The human body usually makes use of dietary fatty acids. However, it is capable of producing SFA and MUFA from glucose and amino acids through enzymatic elongation (addition of 2 carbon units) and desaturation (formation of new double bonds). Desaturation activity is stimulated by insulin and inhibited by glucose, adrenalin, and glucagon (KRIS-ETHERTON, 2006).

The incorporation of essential fatty acids may cause structural and functional changes in the phospholipidic membrane, affecting important biological processes such as the synthesis of inflammatory mediators, including eicosanoids (COSTUNER; KARABABA, 2008).

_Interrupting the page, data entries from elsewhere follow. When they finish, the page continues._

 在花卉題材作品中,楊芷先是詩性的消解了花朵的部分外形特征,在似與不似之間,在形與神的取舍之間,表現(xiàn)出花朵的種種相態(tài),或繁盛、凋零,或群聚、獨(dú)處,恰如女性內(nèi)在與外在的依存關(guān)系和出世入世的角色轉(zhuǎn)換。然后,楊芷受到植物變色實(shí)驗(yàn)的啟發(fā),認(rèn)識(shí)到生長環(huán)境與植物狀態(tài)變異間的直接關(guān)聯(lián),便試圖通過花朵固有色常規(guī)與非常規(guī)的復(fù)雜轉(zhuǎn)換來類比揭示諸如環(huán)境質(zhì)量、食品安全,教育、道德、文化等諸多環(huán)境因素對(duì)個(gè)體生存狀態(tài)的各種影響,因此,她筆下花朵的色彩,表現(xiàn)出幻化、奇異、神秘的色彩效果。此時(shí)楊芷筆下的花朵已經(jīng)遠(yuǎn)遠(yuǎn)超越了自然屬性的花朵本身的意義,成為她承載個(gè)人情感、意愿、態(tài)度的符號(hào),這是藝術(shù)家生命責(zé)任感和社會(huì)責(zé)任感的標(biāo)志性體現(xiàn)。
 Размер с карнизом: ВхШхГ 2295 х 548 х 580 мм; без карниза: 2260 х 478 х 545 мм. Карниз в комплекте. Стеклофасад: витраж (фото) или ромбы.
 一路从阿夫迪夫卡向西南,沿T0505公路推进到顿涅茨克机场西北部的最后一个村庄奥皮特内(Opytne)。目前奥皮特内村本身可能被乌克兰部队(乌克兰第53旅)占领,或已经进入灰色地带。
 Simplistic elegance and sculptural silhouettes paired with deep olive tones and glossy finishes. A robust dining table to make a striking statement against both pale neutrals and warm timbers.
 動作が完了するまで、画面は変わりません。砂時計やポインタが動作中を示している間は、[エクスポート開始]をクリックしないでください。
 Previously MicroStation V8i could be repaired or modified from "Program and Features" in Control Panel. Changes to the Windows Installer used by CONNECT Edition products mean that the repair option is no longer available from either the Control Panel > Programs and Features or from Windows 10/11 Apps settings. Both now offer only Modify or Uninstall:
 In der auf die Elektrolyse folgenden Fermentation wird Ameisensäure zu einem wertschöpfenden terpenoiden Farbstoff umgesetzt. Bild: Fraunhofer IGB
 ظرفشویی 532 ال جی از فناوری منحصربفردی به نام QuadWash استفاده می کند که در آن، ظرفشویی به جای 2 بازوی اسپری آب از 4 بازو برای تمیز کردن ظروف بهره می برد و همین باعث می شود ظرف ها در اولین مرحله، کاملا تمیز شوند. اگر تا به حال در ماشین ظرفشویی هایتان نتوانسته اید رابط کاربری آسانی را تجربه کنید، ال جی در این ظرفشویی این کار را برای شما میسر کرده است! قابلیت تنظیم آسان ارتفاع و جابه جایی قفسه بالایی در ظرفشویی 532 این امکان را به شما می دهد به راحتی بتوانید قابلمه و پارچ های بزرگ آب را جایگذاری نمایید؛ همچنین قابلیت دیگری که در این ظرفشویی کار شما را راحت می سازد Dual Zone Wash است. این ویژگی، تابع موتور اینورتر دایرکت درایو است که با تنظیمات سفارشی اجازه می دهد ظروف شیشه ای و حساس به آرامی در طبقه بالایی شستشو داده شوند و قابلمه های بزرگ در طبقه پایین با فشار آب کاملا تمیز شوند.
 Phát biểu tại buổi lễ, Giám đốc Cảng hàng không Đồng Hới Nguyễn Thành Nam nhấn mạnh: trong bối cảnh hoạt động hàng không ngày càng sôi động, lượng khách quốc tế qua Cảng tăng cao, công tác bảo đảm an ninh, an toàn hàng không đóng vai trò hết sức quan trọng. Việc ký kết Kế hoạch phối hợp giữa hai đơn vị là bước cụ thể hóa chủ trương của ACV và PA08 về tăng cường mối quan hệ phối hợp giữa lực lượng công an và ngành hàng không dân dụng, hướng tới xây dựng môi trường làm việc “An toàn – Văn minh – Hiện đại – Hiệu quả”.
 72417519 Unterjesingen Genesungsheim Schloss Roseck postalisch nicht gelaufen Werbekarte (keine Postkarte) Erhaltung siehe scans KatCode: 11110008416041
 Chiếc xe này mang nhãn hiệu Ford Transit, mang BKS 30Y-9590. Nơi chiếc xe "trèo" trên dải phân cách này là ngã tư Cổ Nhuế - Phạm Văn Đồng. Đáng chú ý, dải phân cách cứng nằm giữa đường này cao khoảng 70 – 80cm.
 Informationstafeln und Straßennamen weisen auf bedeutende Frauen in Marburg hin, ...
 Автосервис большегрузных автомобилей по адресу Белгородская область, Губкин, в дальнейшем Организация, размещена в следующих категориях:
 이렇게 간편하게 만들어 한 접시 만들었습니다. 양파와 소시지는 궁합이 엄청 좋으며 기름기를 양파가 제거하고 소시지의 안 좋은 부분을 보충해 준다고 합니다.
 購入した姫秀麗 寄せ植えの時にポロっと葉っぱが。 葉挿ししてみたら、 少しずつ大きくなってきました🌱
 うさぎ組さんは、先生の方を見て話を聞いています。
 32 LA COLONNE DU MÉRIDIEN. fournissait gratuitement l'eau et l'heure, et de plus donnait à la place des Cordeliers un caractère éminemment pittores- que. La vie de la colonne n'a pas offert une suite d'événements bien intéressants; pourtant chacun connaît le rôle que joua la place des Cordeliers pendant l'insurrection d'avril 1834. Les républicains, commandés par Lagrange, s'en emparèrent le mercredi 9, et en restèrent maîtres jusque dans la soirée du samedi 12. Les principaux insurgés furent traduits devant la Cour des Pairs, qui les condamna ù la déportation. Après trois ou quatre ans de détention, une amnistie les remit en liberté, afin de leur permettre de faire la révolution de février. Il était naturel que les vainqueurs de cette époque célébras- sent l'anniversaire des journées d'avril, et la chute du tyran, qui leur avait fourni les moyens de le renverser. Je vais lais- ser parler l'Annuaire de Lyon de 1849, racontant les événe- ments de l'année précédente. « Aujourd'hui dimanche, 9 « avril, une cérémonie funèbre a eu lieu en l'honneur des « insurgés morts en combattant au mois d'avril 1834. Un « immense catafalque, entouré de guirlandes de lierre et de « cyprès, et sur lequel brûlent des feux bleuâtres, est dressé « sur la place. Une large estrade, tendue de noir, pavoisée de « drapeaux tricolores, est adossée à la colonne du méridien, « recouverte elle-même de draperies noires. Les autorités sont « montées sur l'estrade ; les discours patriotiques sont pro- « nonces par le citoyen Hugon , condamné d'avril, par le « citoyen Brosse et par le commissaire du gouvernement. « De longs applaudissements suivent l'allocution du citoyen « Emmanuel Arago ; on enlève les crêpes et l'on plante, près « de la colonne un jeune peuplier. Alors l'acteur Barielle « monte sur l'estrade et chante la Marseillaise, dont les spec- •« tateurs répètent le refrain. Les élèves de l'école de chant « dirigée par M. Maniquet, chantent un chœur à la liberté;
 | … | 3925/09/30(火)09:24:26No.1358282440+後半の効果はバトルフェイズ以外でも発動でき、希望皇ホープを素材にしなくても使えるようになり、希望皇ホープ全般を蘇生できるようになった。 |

Recent studies have expressed increasing interest in PUFA as essential components of the human diet. They have been shown to play an essential role in a number of biological systems, combating coronary and degenerative disorders. Besides being structural components of cell membranes, PUFA play an important role in regulatory function, acting as a source of eicosanoids and prostaglandins are the predominant component (RAMADAN et al., 2009). In addition, PUFA are the primary bio-membrane components, including the plasma membrane, endoplasmic reticulum, and mitochondrial membrane (KAITHWAS; MAJUMDAR, 2010).

3.2 Nutritional quality indexes

Nutritional quality of sesame seed and flaxseed lipid fractions evaluated by the different indexes is shown in Table 2.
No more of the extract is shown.